The [notebook](report.ipynb) we are working with defines these, if you would like to take inspiration.

In [3]:
%%time
exporter_pdf = PDFExporter(config=c_embed)
pdf, _ = exporter_pdf.from_filename("report.ipynb")
type(pdf), len(pdf), pdf[:16]

CPU times: total: 438 ms
Wall time: 15.7 s


(bytes, 15908, b'%PDF-1.5\n%\xe4\xf0\xed\xf8\n1')

In [4]:
%%time
exporter_notebook = NotebookExporter(config=c_embed)
notebook, _ = exporter_notebook.from_filename("report.ipynb")
type(notebook), len(notebook), notebook[:16]

CPU times: total: 719 ms
Wall time: 733 ms


(str, 1330, '{\n "cells": [\n  ')

Our notebook is a JSON string, let's make it a `bytes`  string.

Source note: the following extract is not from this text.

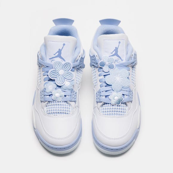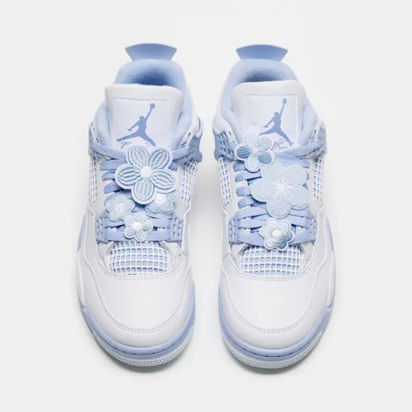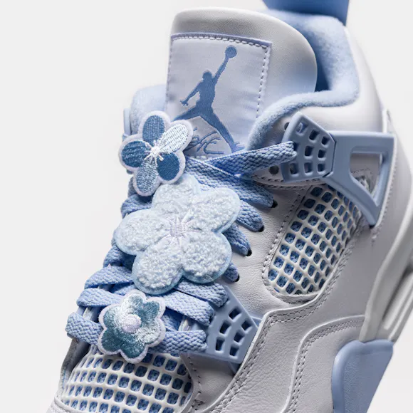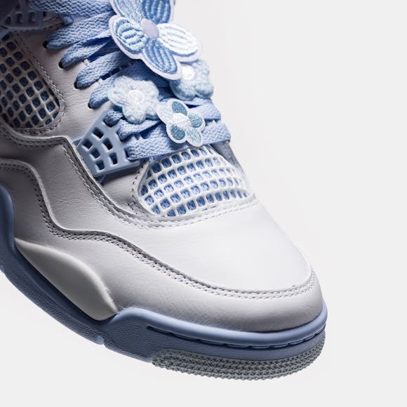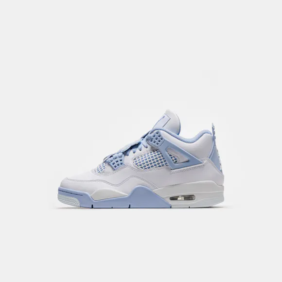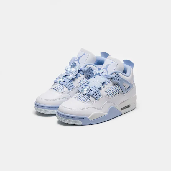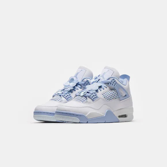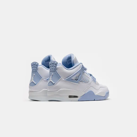 Jordan Brand women’s limited edition standard fit white, "Aluminum" grey, "Blue Tint" blue, and "Oil" green leather mid top retro basketball sneaker. First released in 1989 and designed by Tinker Hatfield, the Air Jordan 4 features rubberized plastic netting overlays, an innovative “wings” lacing system, which allows for eighteen different lacing options, floral lacing overlays, and the now-famous script “Flight” logo. Legendary not only for its design, the Air Jordan 4 quickly became a pop cultural icon on Jordan’s feet—as he wore a pair to sink “the shot” to beat the Cleveland Cavaliers in Game 5 of the 1989 Eastern Conference First Round—and off them, as the sneaker was featured in Spike Lee’s seminal film Do the Right Thing. Features: Lace-up front Leather and suede upper Rounded toe Padded collar Signature lacing “wings” Rubber and foam midsole Visible Air-sole heel unit Rubber outsole with modified herringbone tread Tonal textile lining Fabrication: Style # HV0823-100 Imported Fit & Sizing: Standard fit US women’s sizing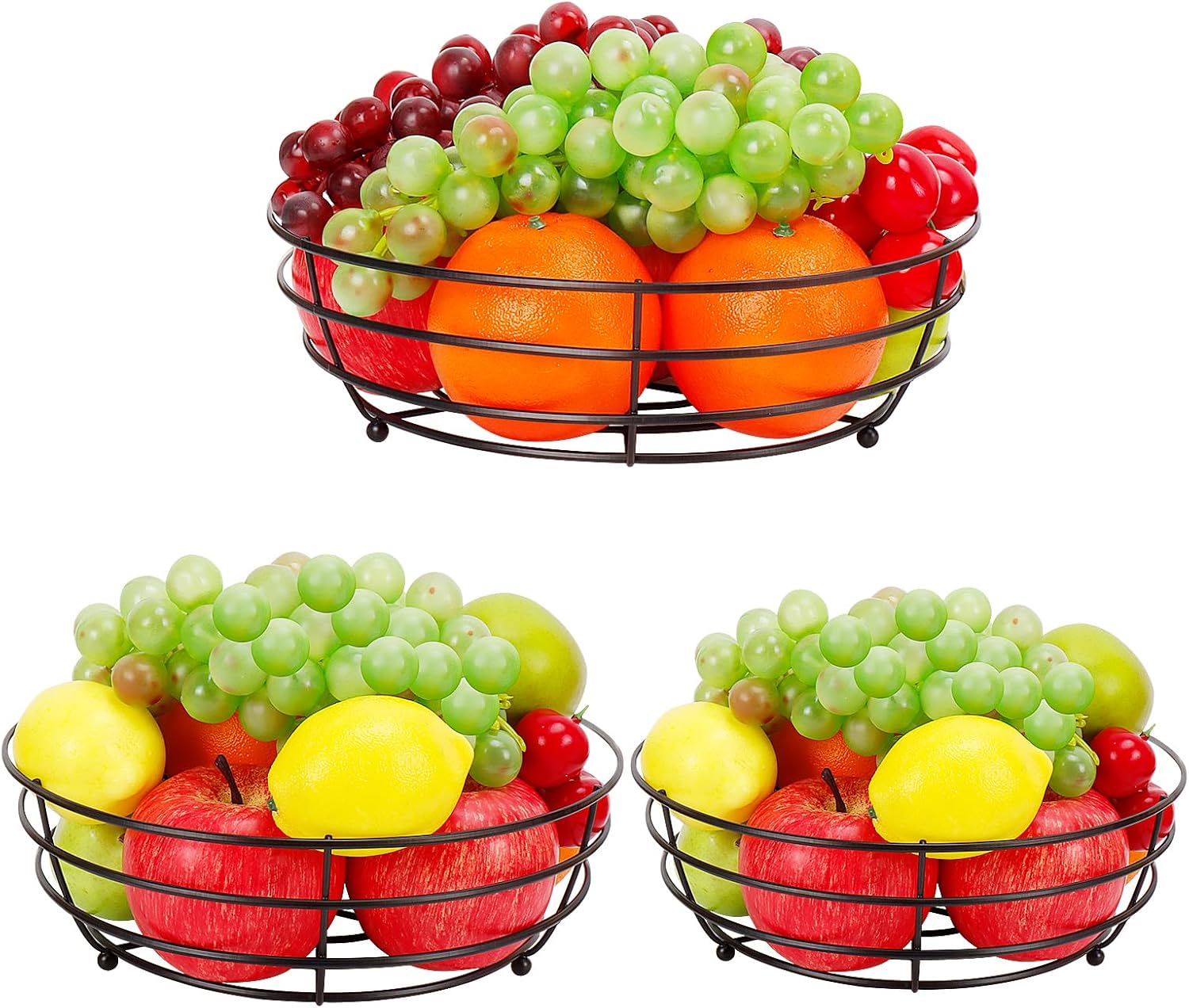 Livabber Wire Fruit Bowl, Metal Fruit Basket For Kitchen Counter, Large Capacity Storage Holder Tabletop Organizer For Vegetables Breads Snacks (Black, 3 Pack)

Thanks to the [JSON specification](https://datatracker.ietf.org/doc/html/rfc7159), we know this byte string must be encoded to UTF-8.

In [5]:
notebook_bytes = notebook.encode("utf-8")
notebook_bytes[:16]

b'{\n "cells": [\n  '

## Step 2: put together the *master* document

The Python environment is perfect for configuring a more complex preprocessing nbconvert pipeline.

In [6]:
c_master = Config()
c_master.Exporter.preprocessors = ["nbconvert_inline_artifacts.ArtifactInlinePreprocessor"]
c_master.ArtifactInlinePreprocessor.artifacts = {
    "pdf": {"mime_type": "application/pdf", "content": pdf},
    "notebook": {"mime_type": "application/vnd.jupyter", "content": notebook_bytes}
}

In [7]:
path_master = Path("report.html")

In [8]:
%%time
exporter_master = HTMLExporter(config=c_master)
with path_master.open(mode="wb") as file:
    master, _ = exporter_master.from_filename("report.ipynb")
    assert isinstance(master, str)
    file.write(master.encode("utf-8"))

CPU times: total: 766 ms
Wall time: 762 ms


In [9]:
assert path_master.is_file()
path_master.stat().st_size

600305

For such mostly-text files, most of the file mass stems from the incorporation of styling content that nbconvert itself generates when converting a Jupyter notebook to a HTML file. However, as soon as a notebook starts containing any significant binary images, videos or anything of the sort, one may presume that the inlining of alternative versions would multiply the mass of the master document. The author should be conscious of this trade-off and evaluate whether network connectivity or storage capacity costs the most in their computing environment and for their content distribution context.